Robert’s doomed manor above a quiet arm of the lake pro­vides the per­fect fix, es­pe­cially if you ap­proach it prop­erly. In­stead of com­ing up to the cas­tle from the park­ing lot, I head to­ward the ruin from the back, along a for­est trail that loops around a spring and sneaks along a hill­side to the man­sion. First, you glimpse the water tower. Then you see stone walls reach­ing sky­ward, black marks be­tray­ing where flames licked up the sides on the home’s fi­nal day of ser­vice.

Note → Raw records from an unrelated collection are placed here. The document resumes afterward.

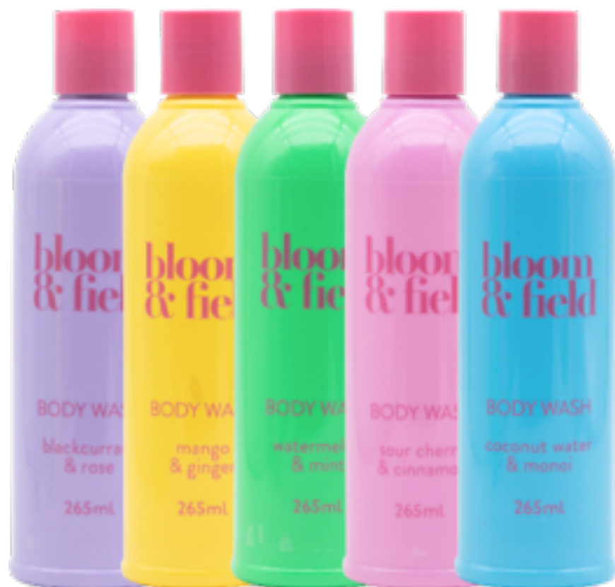
Item No. : ED23F301 Contents: 265ml Body Wash Disc-top Cap Bottle
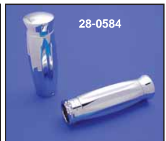
Chrome Billet Throttle Handlebar Grip Set for single or dual cable use.
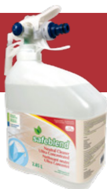
Fragrance free NUXXMD4 – 4 x 2.85 L
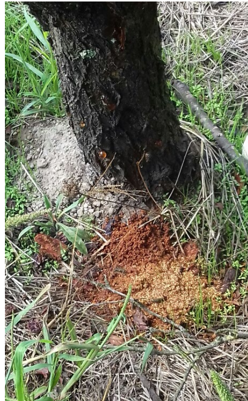
Figure 3. Larval frass of the red-necked longhorn beetle at the base of a Prunus tree in Italy
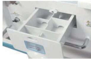
The humidity reservoir is removable
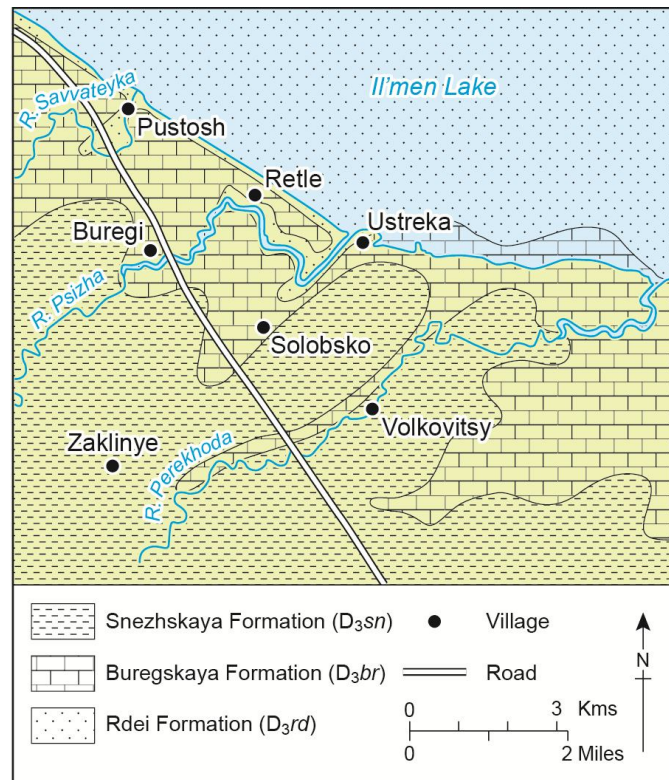
Fig.5. Geology of part of the Il'men Clint area [8]

The geology of the site consists of a complex
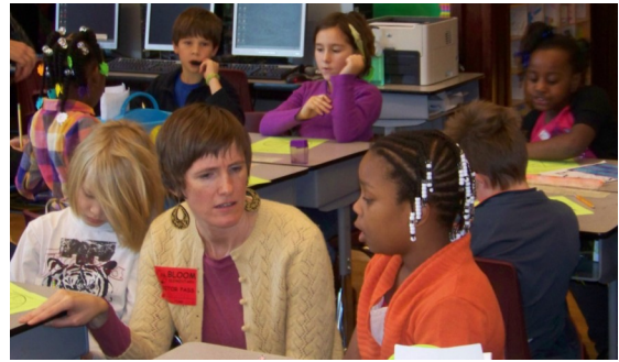
Students at Bloom Elementary brainstorm strategies for de-escalating conflict.

Classroom conflict resolution workshops give a class, or a grade, or even an entire school population, a common language for discussing conflict and the skills to resolve it.
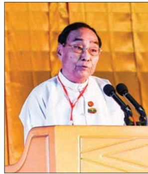
Union Minister for Ethnic Affairs Nai Thet Lwin.

Robert was a boot­straps kind of guy who amassed a for­tune in oil, real es­tate, cat­tle, bank­ing and more in the late 1800s. (Photos show he’s only a top hat short of be­ing the Monopoly Man.) Like any good baron, Robert de­cided he needed a cas­tle, so he bought land along the Osage River and called in Scot­tish stone­ma­sons to build a man­sion where he in­tended to re­tire “with no fear of in­tru­sion.”

If all that seems to be beg­ging for a plot twist, you’re right. Tragedy No. 1: Robert died in 1906 in one of Mis­souri’s ear­li­est car ac­ci­dents, leav­ing his fam­ily to fin­ish the cas­tle in 1922. Tragedy No. 2: The De­pres­sion and le­gal en­tan­gle­ments sapped the fam­ily for­tune, forc­ing them to lease the es­tate as a ho­tel. Tragedy No. 3: The cas­tle burned in 1942.

So Robert’s doomed Xanadu re­mains a week­end es­cape. But in­stead of host­ing Roar­ing ’20s dandies, it draws av­er­age folks like me, who are con­tent to gaze over the Ozarks and lis­ten to dry leaves rat­tle in­side the empty foun­tain.